Beyond mechanical issues, Spirit has struggled to adapt to post-pandemic changes in consumer behavior, including increased demand for international travel and premium seating options. The airline’s unique business model, which focuses on offering low fares with additional fees for services like seat selection and baggage, revolutionized the budget airline industry and inspired major carriers like Delta, American, and United to introduce basic economy fares. However, this model has faced increasing pressure as consumer preferences have shifted and competition has intensified.
The financial struggles culminated in CEO Dave Davis acknowledging that the previous restructuring, which focused exclusively on reducing funded debt and raising equity capital, was insufficient to address the company’s broader operational challenges. In a quarterly report issued in September 2025, Spirit Aviation Holdings expressed “substantial doubt” about its ability to continue as a going concern over the next year, citing adverse market conditions, weak demand for domestic leisure travel, and uncertainties in business operations expected to continue for at least the remainder of 2025.
“We have substantial doubt about our ability to continue as a going concern,” Spirit Aviation Holdings stated in its September 2025 quarterly report, citing ongoing operational and market uncertainties.
United Airlines’ Strategic Position and Market Response
United Airlines CEO Scott Kirby’s decisive rejection of any potential Spirit Airlines asset acquisition reflects a carefully calculated strategic position that prioritizes operational efficiency over opportunistic expansion. Speaking to reporters at Newark Liberty International Airport on September 16, 2025, Kirby dismissed the idea of acquiring parts of Spirit’s network or fleet, calling the assets impractical for United’s operations. He cited limited gate availability in Spirit’s key markets and estimated that it would cost approximately $15 million per airplane to reconfigure Spirit’s all-Airbus fleet to United’s standards.
Kirby’s comments represent more than simple financial calculations; they reflect United’s broader strategic philosophy regarding fleet standardization and operational efficiency. United Airlines operates one of the world’s largest fleets with more than 1,000 aircraft, showing a clear preference for Boeing planes, with Airbus jets making up less than one-fifth of its fleet. This fleet composition strategy emphasizes operational simplification and cost management, making the integration of Spirit’s Airbus-heavy fleet particularly challenging and expensive.
Despite ruling out asset acquisitions, United has moved aggressively to capture market opportunities created by Spirit’s retreat. Patrick Quayle, United’s senior vice president of Global Network Planning and Alliances, announced that the airline would add flights to 15 North American cities in direct response to Spirit’s bankruptcy filing. Beginning January 6, 2026, United will increase frequency between major hubs including Houston, Fort Lauderdale, New York, and Los Angeles, while adding new international routes from Houston to Guatemala City, San Salvador, and San Pedro Sula.
This strategic response demonstrates United’s agility in capitalizing on competitor distress without the complications and costs of formal acquisition. Quayle explicitly acknowledged this approach, stating that if Spirit suddenly goes out of business, “it will be incredibly disruptive, so we are adding these flights to give their customers other options if they want or need them.” United’s expansion strategy appears designed to capture displaced passengers while maintaining operational focus and avoiding the integration challenges that would accompany asset acquisition.
“It would cost about $15 million per airplane to reconfigure Spirit’s all-Airbus fleet to United’s standards,” United CEO Scott Kirby stated, underscoring the impracticality of such an acquisition.

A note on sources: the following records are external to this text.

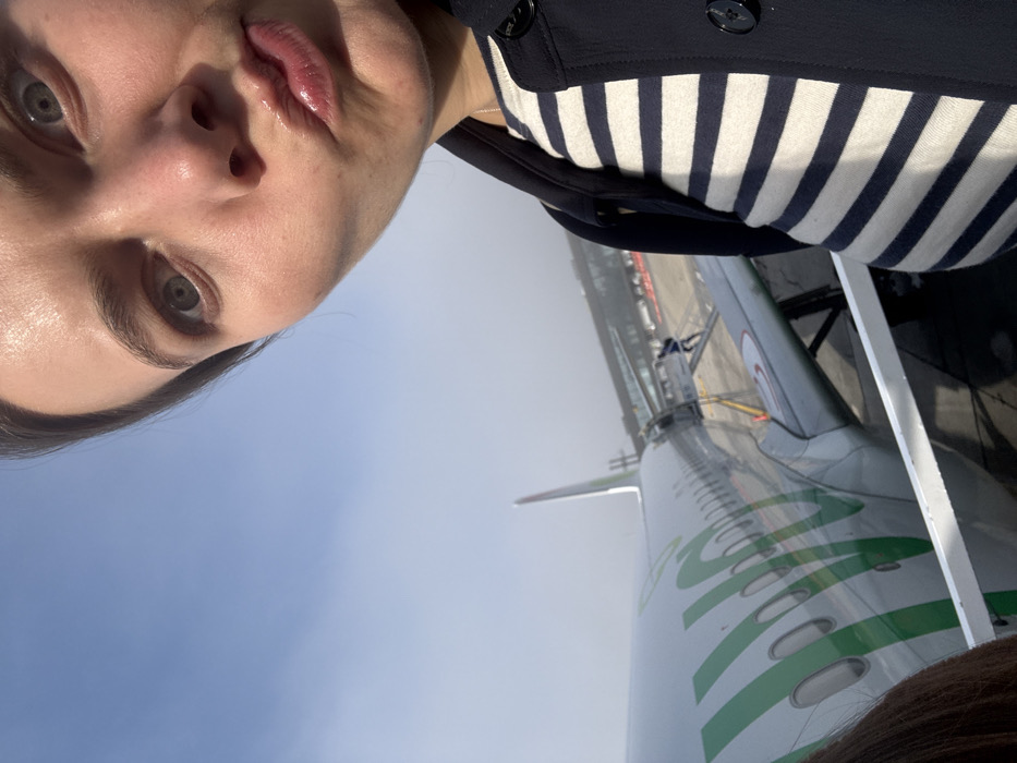 A selfie shows a person with pale skin, striking grey eyes, and glossy lips, wearing a navy and white striped top with a buttoned jacket. The camera angle is from above, with the person's face occupying the upper left. The background features a hazy sky and part of an airplane, possibly an Alaska Airlines plane, with its tail fin and green accents visible. The scene suggests travel or boarding an aircraft.
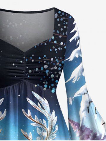 Plus Size Christmas Tree Elk Forest Print Ruched High Low Asymmetric Dress - Navy Blue - Xs
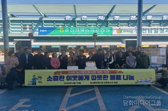 시민행정신문 강갑수 기자 | 순천시농산물도매시장은 16일 개장 26주년(개장일 2001년 4월 18일)을 맞아 기념행사 대신 지역사회를 위한 따뜻한 나눔 활동을 펼쳤다.
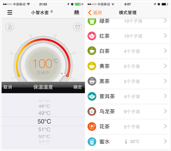 如果你是咖啡爱好者或者是茶控,那“小智”智能水壶的精确控温功能应该能吸引你。碧螺春需要 75℃,西湖龙井 85℃,茉莉花茶90℃……想要泡出味道最正的茶,又不想拿着温度计在一旁测量,小智的精确控温功能就显现出来了。
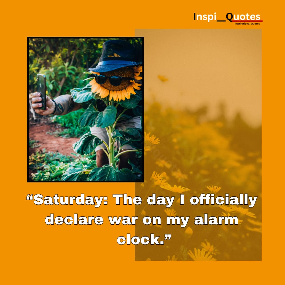 This sunflower selfie turns sleep into satire. The quote declares war on alarmsтАФSaturday as a sleep-in rebellion. The garden setting and costume reflect emotional humor and weekend freedom.
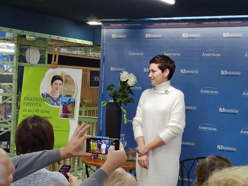Отметим, что студенты, школьники и журналисты «завалили» Екатерину Сирота вопросами. Её спрашивали о страхе перед белым листом бумаги, о том, кто первым читает её произведения, о судьбе её книг, любимых писателях и поэтах и, конечно же, о творческих планах. Екатерина поделилась, что скоро выйдут из печати две её книги для детей. Одна будет посвящена искусственному интеллекту; другая – сказки, которые писатель сочиняла для своей средней дочки Леночки. Всего у Екатерины Сирота трое детей, поэтому не случайно её спросили и про то, как она – преподаватель, писатель и мама – всё успевает.
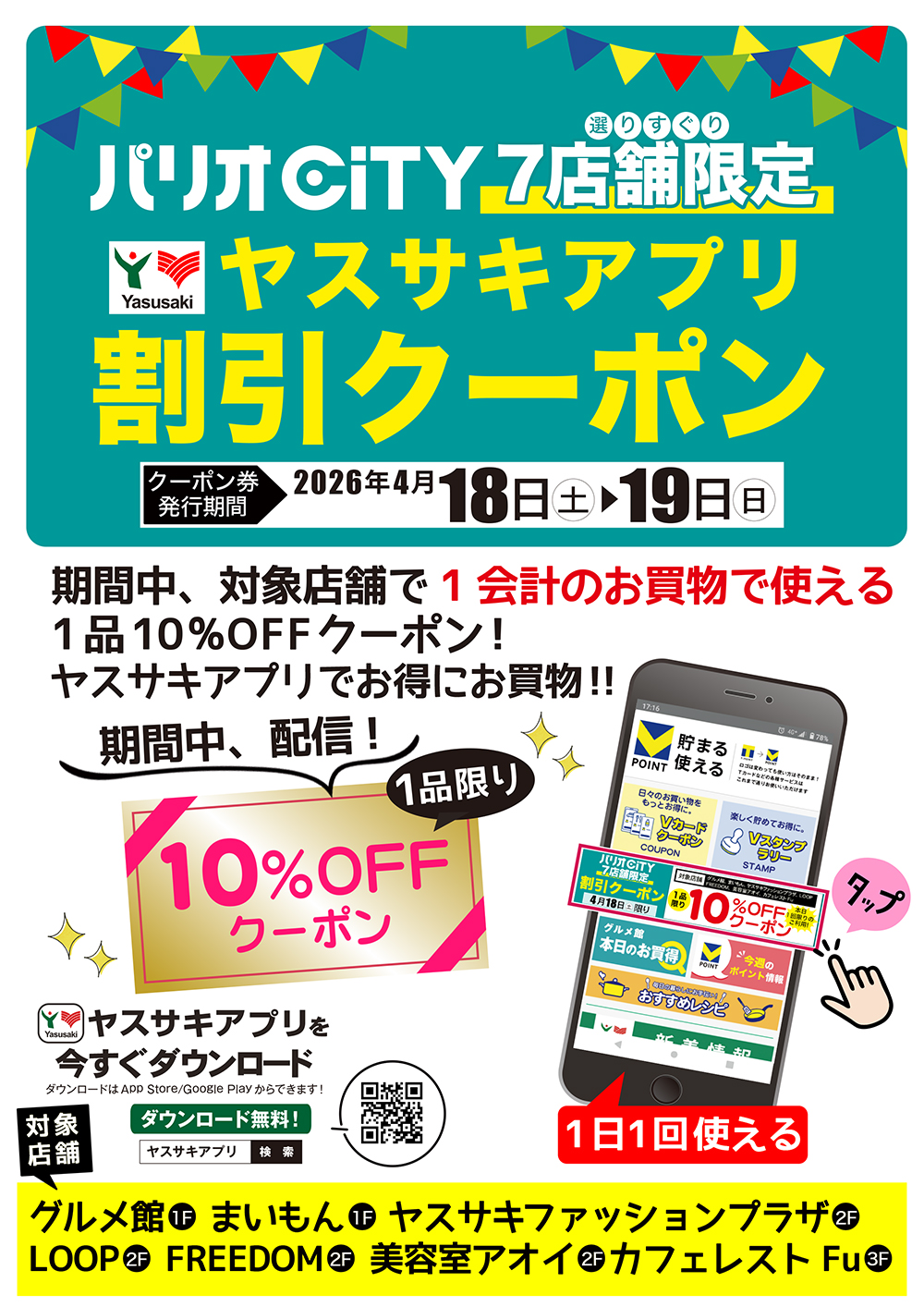 ヤスサキアプリをダウンロードして、毎日1回対象店舗で使える割引クーポンをGETしよう!

Financial Analysis and Market Dynamics
The financial metrics surrounding both airlines reveal the stark contrast in their current market positions and strategic capabilities. Spirit Airlines reported a devastating $245 million net loss in the second quarter of 2025, with a staggering $7.24 loss per share. While the airline achieved a 9.6% year-over-year improvement in average passenger yields, unit costs excluding fuel surged to 8.77 cents, driven by higher labor and aircraft rental expenses. Most concerning, Spirit’s liquidity declined from $902 million at year-end 2024 to just $407 million by June 30, 2025, highlighting the urgency of its restructuring efforts.

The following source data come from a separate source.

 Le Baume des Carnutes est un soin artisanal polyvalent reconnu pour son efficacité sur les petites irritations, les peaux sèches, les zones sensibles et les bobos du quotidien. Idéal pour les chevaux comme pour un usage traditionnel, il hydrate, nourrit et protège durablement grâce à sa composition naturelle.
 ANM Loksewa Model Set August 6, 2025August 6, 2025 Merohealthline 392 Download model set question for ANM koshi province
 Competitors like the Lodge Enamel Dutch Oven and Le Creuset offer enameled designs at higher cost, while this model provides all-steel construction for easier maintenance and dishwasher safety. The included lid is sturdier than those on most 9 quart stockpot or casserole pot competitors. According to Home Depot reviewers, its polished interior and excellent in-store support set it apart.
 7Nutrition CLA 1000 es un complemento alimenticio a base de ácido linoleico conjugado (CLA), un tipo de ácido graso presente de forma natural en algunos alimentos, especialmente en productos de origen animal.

In contrast, United Airlines demonstrated robust financial performance with second-quarter pre-tax earnings of $1.2 billion and a pre-tax margin of 8.2%. The company achieved adjusted pre-tax earnings of $1.7 billion with an adjusted pre-tax margin of 11.0%, while reporting diluted earnings per share of $2.97 and adjusted diluted earnings per share of $3.87. United’s financial strength is further evidenced by its $2.2 billion in operating cash flow and $1.1 billion in free cash flow during the quarter.
Spirit’s restructuring plan involves equity conversion of $795 million in funded debt, securing $350 million in new equity investment, and issuing $840 million in new senior secured debt to bondholders. The company will also enter into a new $300 million revolving credit facility as part of its emergence strategy. However, the airline expects to emerge smaller and more focused, with significant capacity reductions and route eliminations already announced.
The broader low-cost carrier sector faces similar financial pressures, with the market valued at $220.39 billion in 2024 and projected to grow at a compound annual rate of 4.9% through 2033, reaching $455.08 billion. Despite this growth trajectory, the sector confronts mounting pressures including fuel volatility, geopolitical tensions, and competition from full-service carriers offering hybrid pricing models. Ancillary income now accounts for over 20% of revenue for leading low-cost carriers, driven by baggage fees, seat upgrades, and in-flight retail, but Spirit’s reliance on cost-cutting to fund premium service initiatives exposes it to margin compression.
United Airlines reported record revenue of $15.2 billion in Q2 2025, highlighting its strong financial position compared to struggling competitors.
Regulatory Environment and Merger Landscape
The regulatory landscape surrounding airline mergers has become increasingly restrictive, significantly influencing strategic decisions like United’s rejection of Spirit assets. The most prominent example of regulatory intervention was the January 2024 federal court decision blocking JetBlue Airways’ proposed $3.6 billion acquisition of Spirit Airlines. United States District Judge William Young ruled that the merger would harm cost-conscious travelers who benefit from Spirit’s affordable fares, writing “to those dedicated customers of Spirit, this one’s for you.”
The Department of Justice’s successful challenge of the JetBlue-Spirit merger marked the first time in over 40 years that a judge completely blocked an airline merger to protect consumers from increased industry consolidation. The DOJ argued that the deal would eliminate Spirit’s ultra-low-cost business model, which has increased competition across the airline industry, thus creating an anticompetitive environment. This regulatory precedent has created uncertainty around future airline consolidation attempts, with industry observers questioning how successful other proposed mergers will be in the current environment.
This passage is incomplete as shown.